For the artists, the Assembly Halls, represent both a personal and collective memory of their youth as they both lived through the years of the cultural revolution as children, regardless of the fact that Shao Yinong, born in 1961, was caught more in the intensity than Muchen, born in 1970. In the past they also created works inspired by personal themes such as, “Family Register,” a photographic family tree of their own family, and “Childhood Memories,” a pictorial journey of places they remember as children. However, in the Assembly Hall series they were able to withdraw themselves from their direct experience and they succeed in creating a series of work that allows the viewers space to create their own narratives.

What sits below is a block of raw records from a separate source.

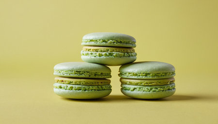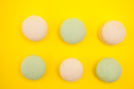 Tasty french macarons on a yellow pastel background.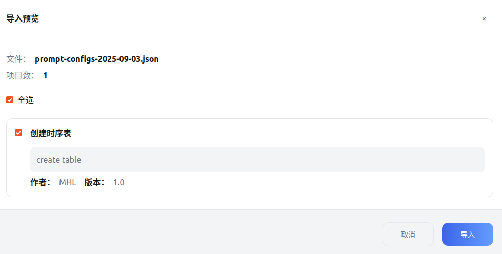 - 导入提示词时,系统仅校验配置格式与字段完整性,不验证配置项的业务逻辑准确性。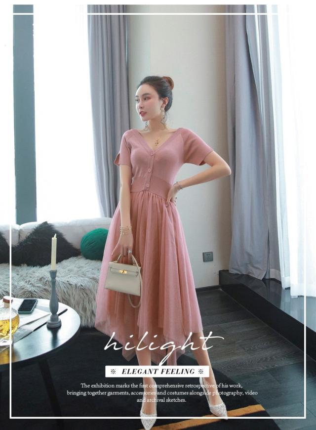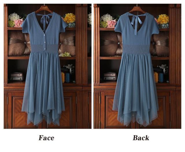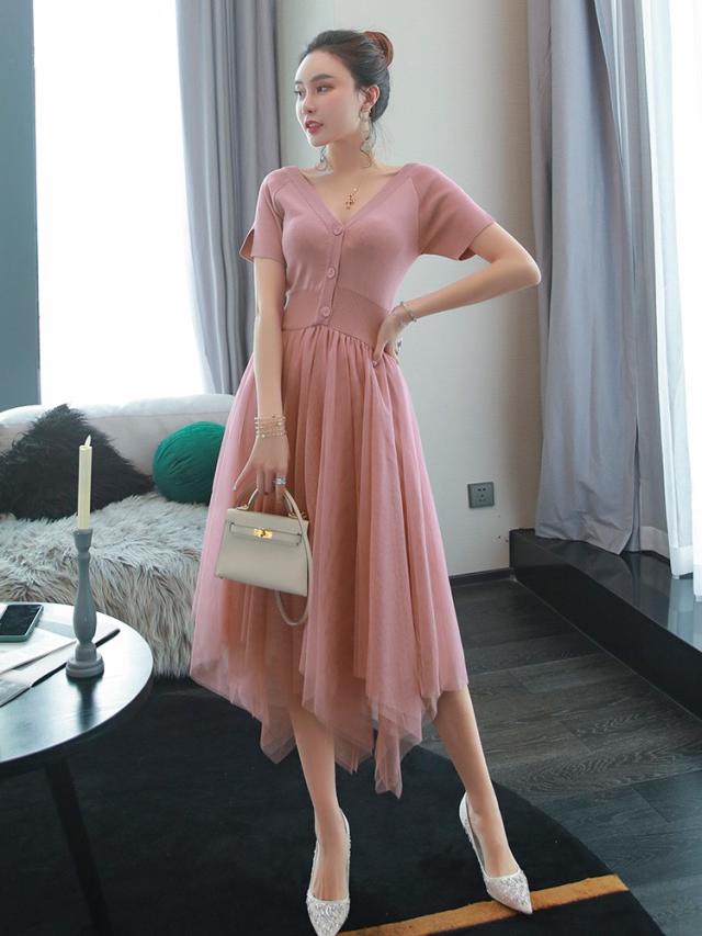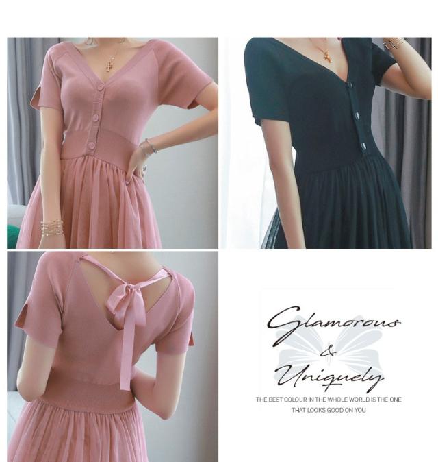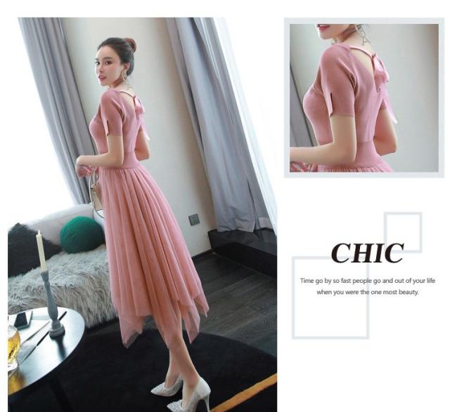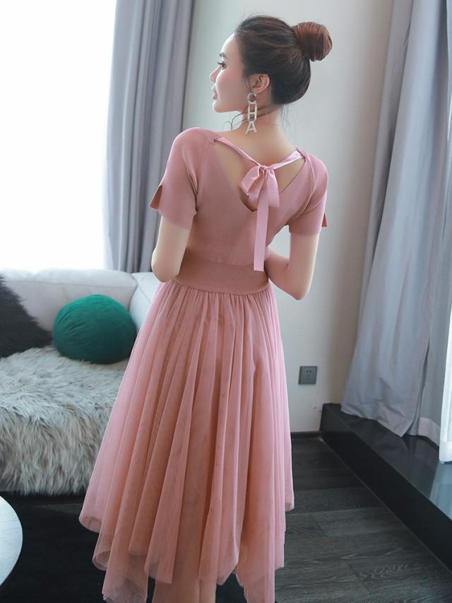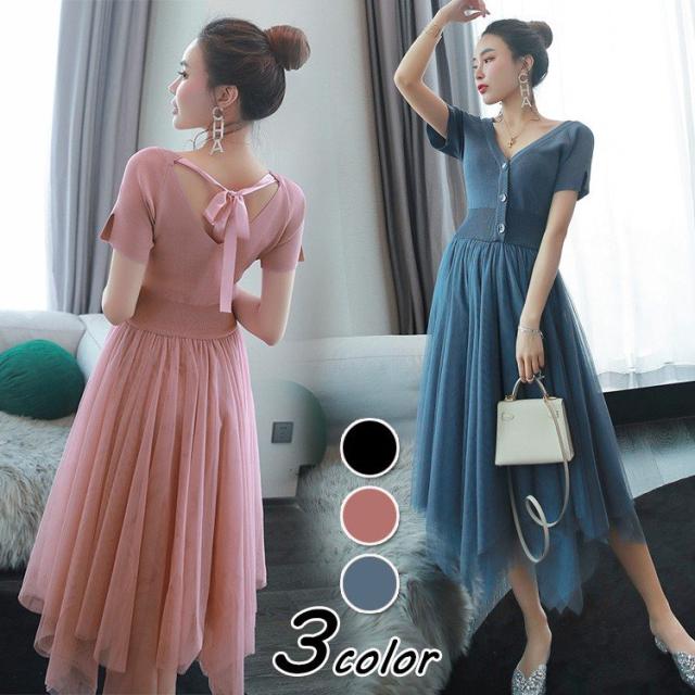 ワンピース レディース 40代ワンピース 春夏 半袖 vネックニットワンピース チュールスカート 背中リボン オシャレ 結婚式ドレス お出かけ 大人 30代 50代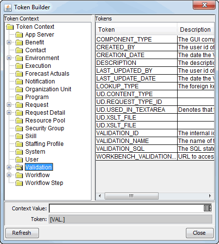 From each of the entity windows listed in Where to use tokens, you can open the Token Builder window (Figure 4-2. Token Builder window) to create a token. The tokens available in the token builder are limited to those that you can build for that entity. For example, if you open the token builder from the Request Type Workbench, package tokens are excluded.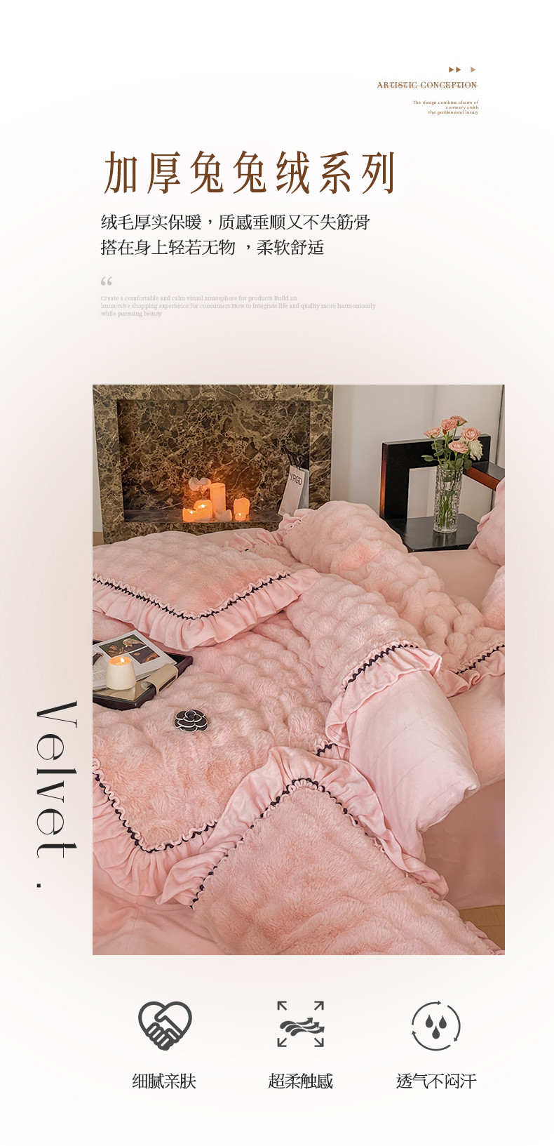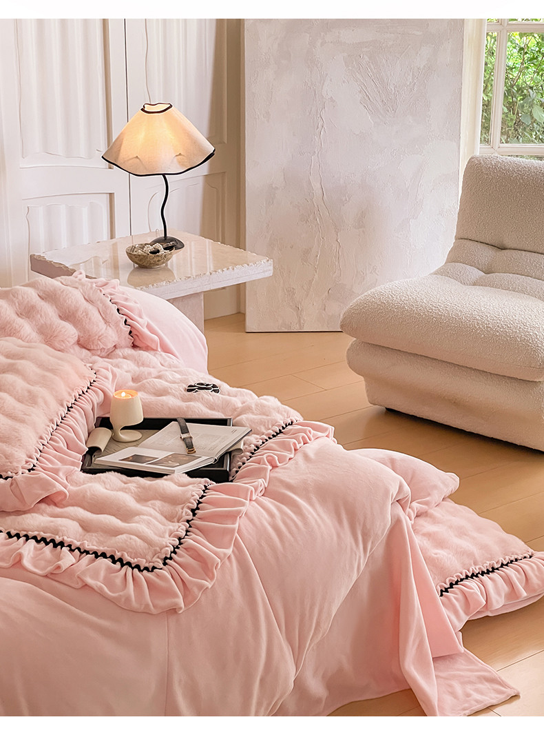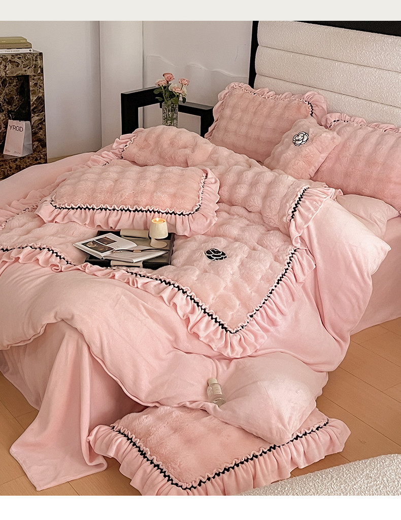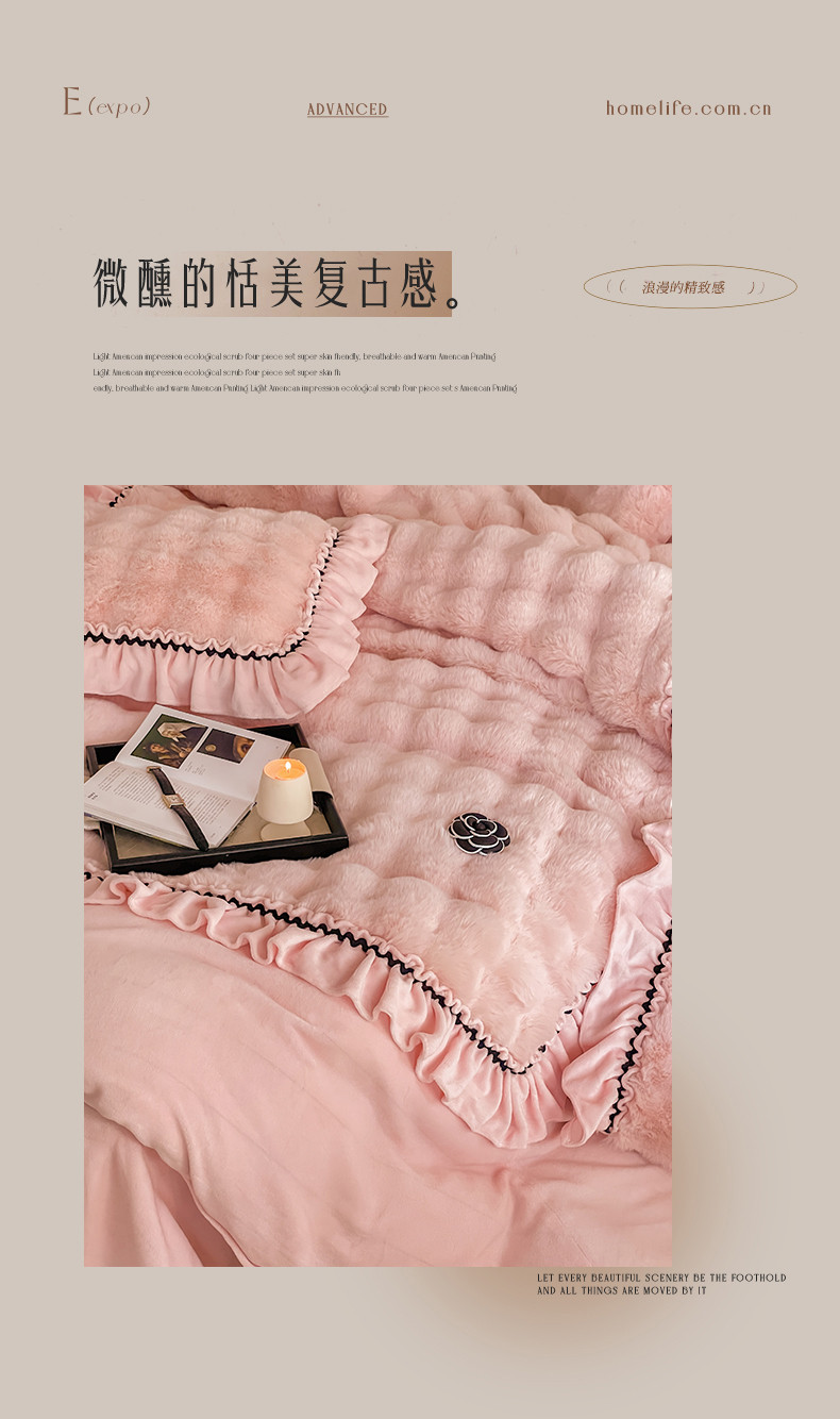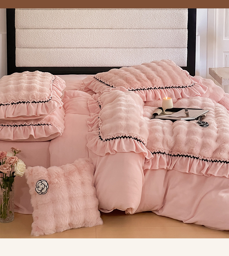 当前位置: 91家纺网 > 商品网购 > 床品套件 > 四件套 > 兔毛绒四件套 > 婳庭家居 2023新款山茶花兔兔绒系列四件套 山茶花-浅粉

In describing the Assembly Halls, they are all taken in the same way from the back of the room looking at the front of the stage from the center of the hall all at the same level taken with only natural light or ceiling light. They are empty. A wide angle camera is used. The time of day is different in the different halls. Small towns vs. big towns. Farms vs. uban environments. Red is evident throughout the series. From the cameraman’s eye there is a repeated series of rectangles boardering the images from the outer walls to the frame of the supporting beams leading eventually to the stage drawing your eye into the center of the room. The rectangles are further supported by a triangular rooftop reminiscent of a Chinese peasant hat. The geometry gives depth to the photographs. Additionally the balance and strength of the images are pulled together by pairs of objects that further give strength and solidity to the space and their purpose.